Many researchers may be uncomfortable drawing an analogy between the quantitative trait of height and the serious psychiatric condition of, for example, schizophrenia, yet an underlying liability to schizophrenia can be conceptualised as an unobserved quantitative trait. Height and liability to schizophrenia have similarly high heritabilities. Even accepting this parallel many researchers would argue that schizophrenia is likely to have a very different genetic architecture from height, on the grounds of past natural selection having operated quite differently on these two complex traits. Apart from the increased prevalence of CNVs in schizophrenia patients44, 45, 46, 47 compared with healthy subjects (no such increase has been reported for height, but to our knowledge this has not been investigated in detail) and the known Mendelian forms of dwarfism or gigantism for height (no Mendelian forms of schizophrenia have been reported to our knowledge), we do not know of other empirical evidence to say that the underlying architecture of these traits are very different. Results from GWAS (Tables 1 and 2) suggest that for schizophrenia common associated SNPs exist.
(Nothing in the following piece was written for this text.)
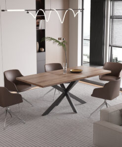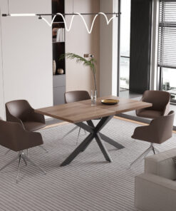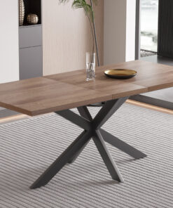 De donkerbruine houtlook brengt warmte en karakter in het interieur en laat zich moeiteloos combineren met lichte stoffen, zwarte accenten en natuurlijke materialen. Zoek je een uitschuifbare eettafel van 160–200 cm in donkerbruin decor die je eetkamer direct meer flexibiliteit en sfeer geeft? Dan is dit een praktische en stijlvolle keuze voor dagelijks gebruik en extra gasten.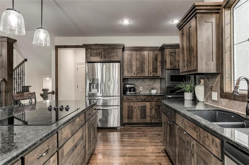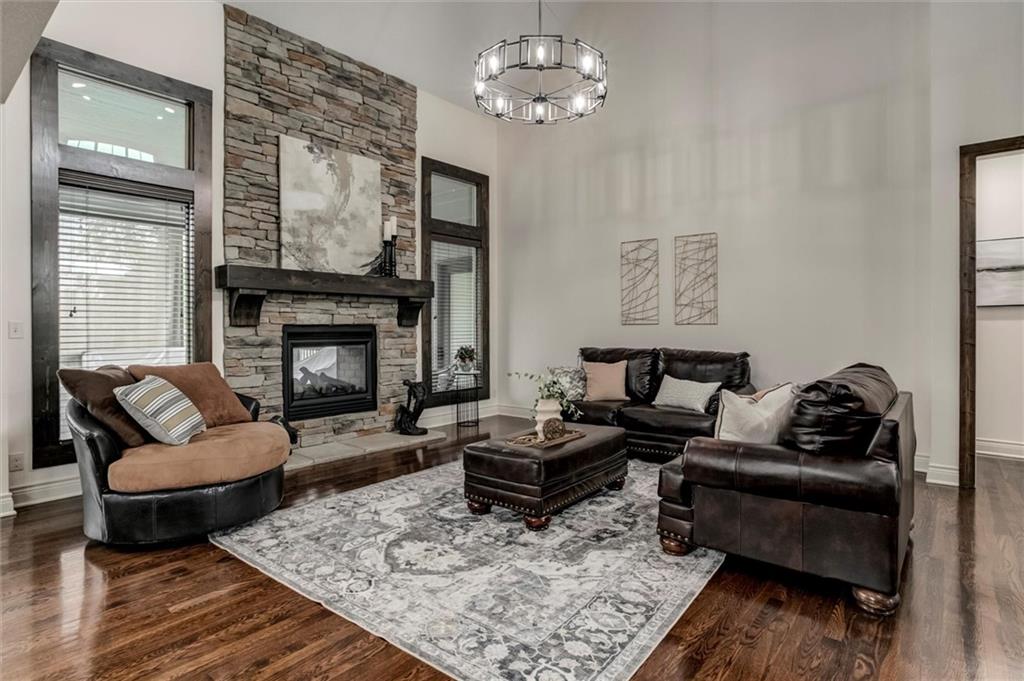 Stunning Don Julian 1.5 Story in a Beautiful Subdivision! This move-in ready home offers space, style, and upgrades—without the wait of new construction. Open floor plan with see-through fireplace to covered deck, large main-floor primary suite with huge closet and connected laundry. Fresh interior paint, new stair carpet, new dishwasher, and a 1-year-old roof! Upstairs features a 2nd primary suite, and 2 more bedrooms. The walkout/walk-up basement boasts a stylish wet bar, 5th bedroom, craft room, exercise room or a non-conforming 6th bedroom and access to a fenced yard with covered porch and patio complete with a fire pit! Enjoy 70 acres of green space with trails connecting to JOCO’s trail system—plus Heritage Park’s golf, lake, dog park & more nearby. This home has the features new builds miss—at a better value! Choose Blue Valley, Spring Hill or Olathe schools and seek a nonresident transfer!

We have performed a thought-experiment assuming that the underlying genetic architecture of schizophrenia is similar to that of height. If we take individuals about 2.5s.d.'s above the mean for height (approximately 1.97m for men), then ~0.7% of the population is ‘affected’ with being tall. The GIANT discovery sample of 130000 people would contain only 910 such cases. A case–control study of 910 cases and 910 controls for being tall would have no power to detect any of the reported findings in Lango Allen et al.43—the power to detect the largest effect (an SNP explaining 0.3% of variance) is about 0.02 (using results from ref.48 and assuming a type-I error rate of 10−8). If we were to have ascertained 9400 tall people and 12500 controls (similar to the number of cases and controls for schizophrenia in the Psychiatric GWAS Consortium schizophrenia study), then the power to detect an SNP explaining 0.03% of variance is 0.038, so approximately seven such loci would be detected out of a total of 180. Also, assuming that genome-wide genetic values for height are normally distributed, the polygenic model would predict a discordance of about 70% between MZ twins of being tall (Figure 1), consistent with the observed discordance rate of MZ twins for schizophrenia that is ~40–60%.19 To our knowledge, nobody has a problem with accepting that for those ascertained ‘probands’ who are taller than 197cm and who have an MZ twin, that the majority of their twins are smaller than 197cm. The standard deviation of the difference between MZ pairs for height is about 6cm, and is usually ascribed to random environmental effects. Therefore, even if epigenetic changes49, 50 or other complex biological processes mediate environmental factors that result in MZ discordance, such processes are not needed to explain the stochasticity, which underlies affection status.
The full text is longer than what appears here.